12 Things Little Kids Are Always Interested In
Mom and Dad
Learning objective: daily activities.
Have picture cards or handouts of activities – washing clothes, cooking, going to work – and have them match mom or dad to the activities. Ask, “Who washes the clothes?” If they are a little more advanced, use this for time and clocks as well! Ask, “When does dad wash the clothes?” and mark it on a clock.
Brothers and Sisters
Learning objective: traits and characteristics.
They will love to talk about, write about, or just think about which of their siblings is tall, fat, happy, sad, angry, pretty, and perfect! Have them bring in pictures of siblings and talk about their traits. It can be a take home writing activity as well to have them practice simple sentences.
Cats and Dogs
Learning objective: superlatives and comparisons.
Have them compare different pets or common animals. Ask, “Which is bigger?” and show a flash card of a cat and another of a dog. “Which is friendlier?” “Which is smellier?”
Cake and Ice Cream
Learning objective: love and want verbs.
Teach them how to use want, love, and like to express desire with the two things they crave most – cake and ice cream! Talk about different flavors of ice cream and cake, different sizes, different serving methods, etc. You can take polls, as in “Who likes vanilla ice cream?”
Learning objective: teaching dates.
Teach kids how to form dates in English by asking them when their birthdays are and playing a memory game to remember when everyone else’s birthday is. Write the dates on a board or paper for the classroom wall if you can!
Learning objective: directions.
School is probably the only place kids go throughout the day, or one of them. It is probably the only place to which they know how to go as a result. Use it to teach directions. Have them draw simple maps from their house to school and then help explain their routes in English, i.e. “turn right at the gas station”, etc.
Learning objective: present progressive and immediate future.
Teach kids how to use the present progressive by asking about what they are doing or going to do with their friends in the immediate future. Use basic activities too that incorporate the other child friendly topics here, like bicycles, dancing, and school. Create an activity with the action verb in a picture, and ask them to match it to a friend. “With whom do you run to school?” “Are you running with her tomorrow?” “Are you going to run with her Monday?”

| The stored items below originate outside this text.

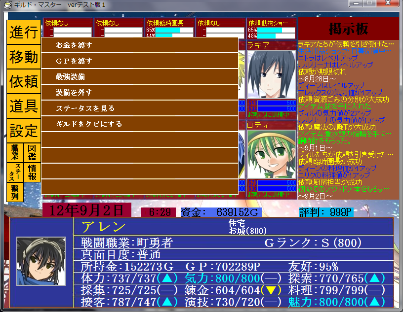ちなみに、今回は新しく付け加えた『最強装備』と『装備を外す』処理を紹介。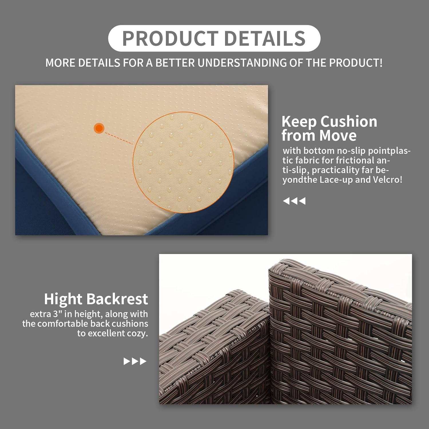 - Comfortable and Non-slip: seat cushions(4 inches) with high resilience sponge and bottom array anti-slip dotted fabric, match up plump back cushions with water-resistant, color retention fabric covers for lasting appeal with outdoor patio furniture, which is extraordinarily comfortable and everlasting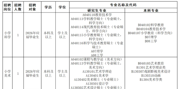 小学科学教师1名;

Learning objective: past tense.
Use ghosts, monsters, and scary experiences to practice the past tense. “I saw a ghost when…”. “The scariest thing that ever happened to me was…”.
Learning objective: Describing places and events.

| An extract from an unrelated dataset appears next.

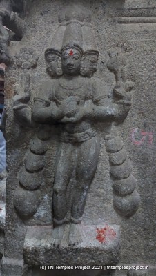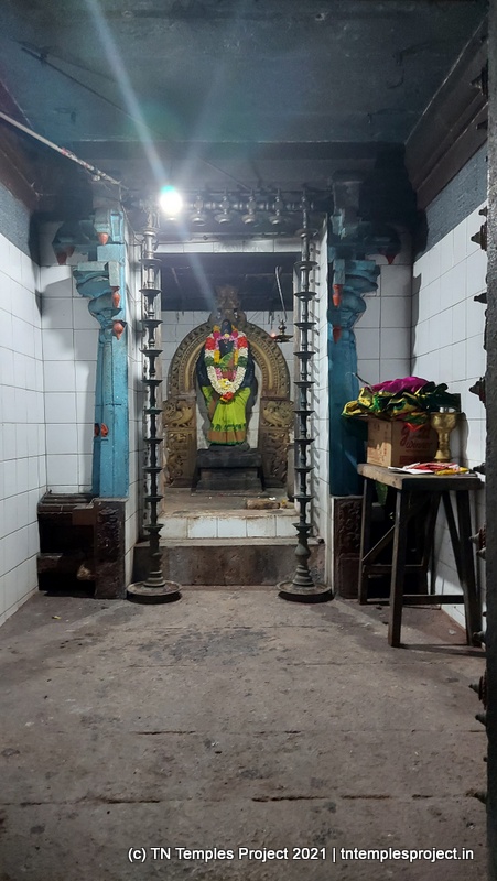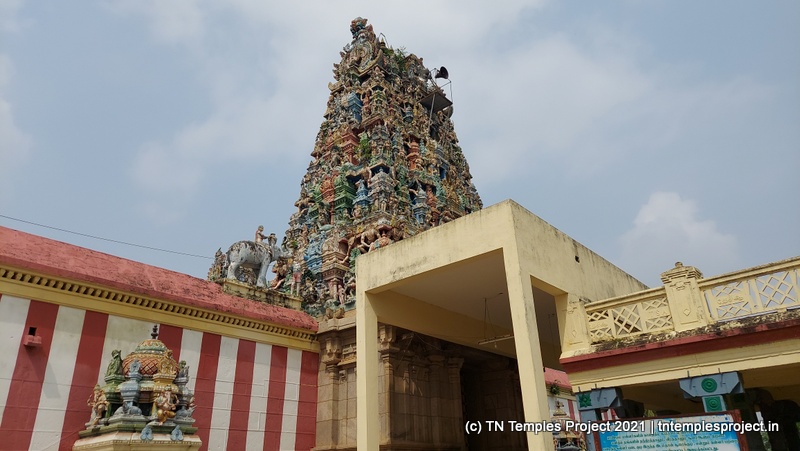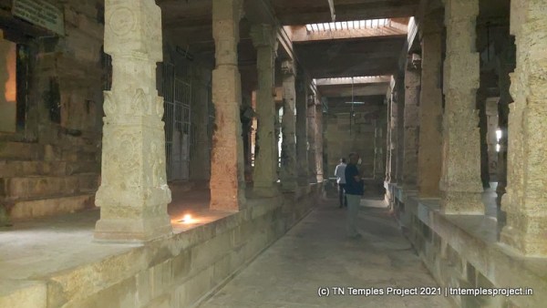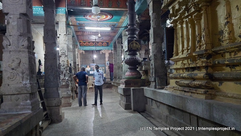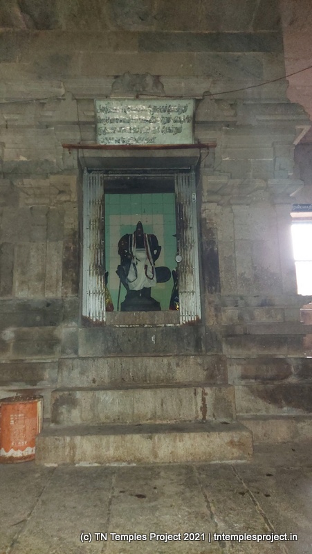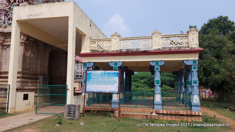 கிழக்கு நோக்கிய கோவிலின் உடனடி கிழக்கில் ஒரு குளம் உள்ளது, மேலும் தீர்த்தம் மற்றும் ராஜ கோபுரத்திற்கு இடையே ஒரு மண்டபம் உள்ளது. மகா மண்டபம் உயரத்தில் உள்ளது, மேலும் துவஜஸ்தம்பம், பலி பீடம் மற்றும் நந்தி ஆகியவை உள்ளன. இப்பகுதியில் உள்ள மற்ற சில கோயில்களில் உள்ள பாணியைப் போலவே, நந்தியின் பீடமும் நான்கு யாளிகளால் ஆதரிக்கப்படுகிறது, இது மிகவும் சுவாரஸ்யமானது மற்றும் அசாதாரணமானது.

Kids are infatuated with fireworks. Use them to talk about place vocabulary as in “Where do you go to see fireworks for Independence Day (or whatever holiday)?” or “What events have fireworks?” These questions should bring up talking about places like soccer fields, stadiums, and landmarks as well as describing events.
Painting and Drawing
Learning objective: colors, everything!
Involve painting and drawing whenever you can to teach, especially for colors. Kids love to paint and draw and using that part of their brain for language helps them learn better.
Learning objective: transportation.
Kids enjoy talking about their bicycles because it is usually their only mode of transportation. Big things that get people places are fascinating to all, but especially to children. Use them as a starting point to discuss transportation and its fundamentals, like concepts of “speed” and “distance”. “How far do you ride your bike?” or “How fast can you get to the supermarket?”
Dancing and Music
Learning objective: parts of the body, everything!

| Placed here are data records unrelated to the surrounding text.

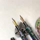 - 大鵬灣(DAPENG BAY):3952老山羊-以台灣知名特色景點命名,大器書寫特別款。採用手工製鮑魚貝殼筆管,天然紋路,五彩繽紛,絢麗奪目。筆尖使用德國山羊Bock#250(#6)玫瑰金/雙色鋼尖所研磨改造而成的玫瑰金/雙色書法鋼尖。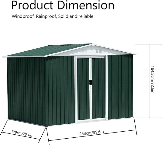 Ball & Cast 8x6 FT Outdoor Storage Shed, Garden Metal Sheds with Punched Vents and Sliding Door, Clearance Tool House with Aluminum Frames and Sloped Roof for Backyard Patio,Green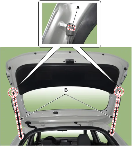 Components and components location Component Location (5Door) 1. Tailgate Latch Repair procedures Replacement (5Door) Put on gloves to protect your hands.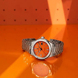 Линейку с ограниченным летним выпуском дополняют две яркие модели, размещенные в 42-миллиметровых стальных корпусах. Вновь появляется циферблат бирюзового оттенка Tanager, но на этот раз к нему присоединился яркий вариант циферблата Orange Soda. Этот цвет повторяет оттенок полуденного солнца и демонстрирует энергичный характер, который не ослабевает даже при появлении облаков. Как и во всех моделях этой серии, оранжевый циферблат Soda показывает часы, минуты, секунды и дату, но без серебряных акцентов в пользу черных тонов – тонкая деталь, усиливающая единство.

Involve dancing and music as much as you can in your class. Music, especially rock or rhythmic beats, can activate the part of the brain that absorbs language. Classic games for learning parts of the body are Hokey Pokey and Simon Says, which you can turn into a dance by doing it rapidly and touching parts of your body along with popular music.
Your five to ten year olds will learn a lot more if you try to work topics that they like into your teaching.
In the process they will have more fun as well, and so will you!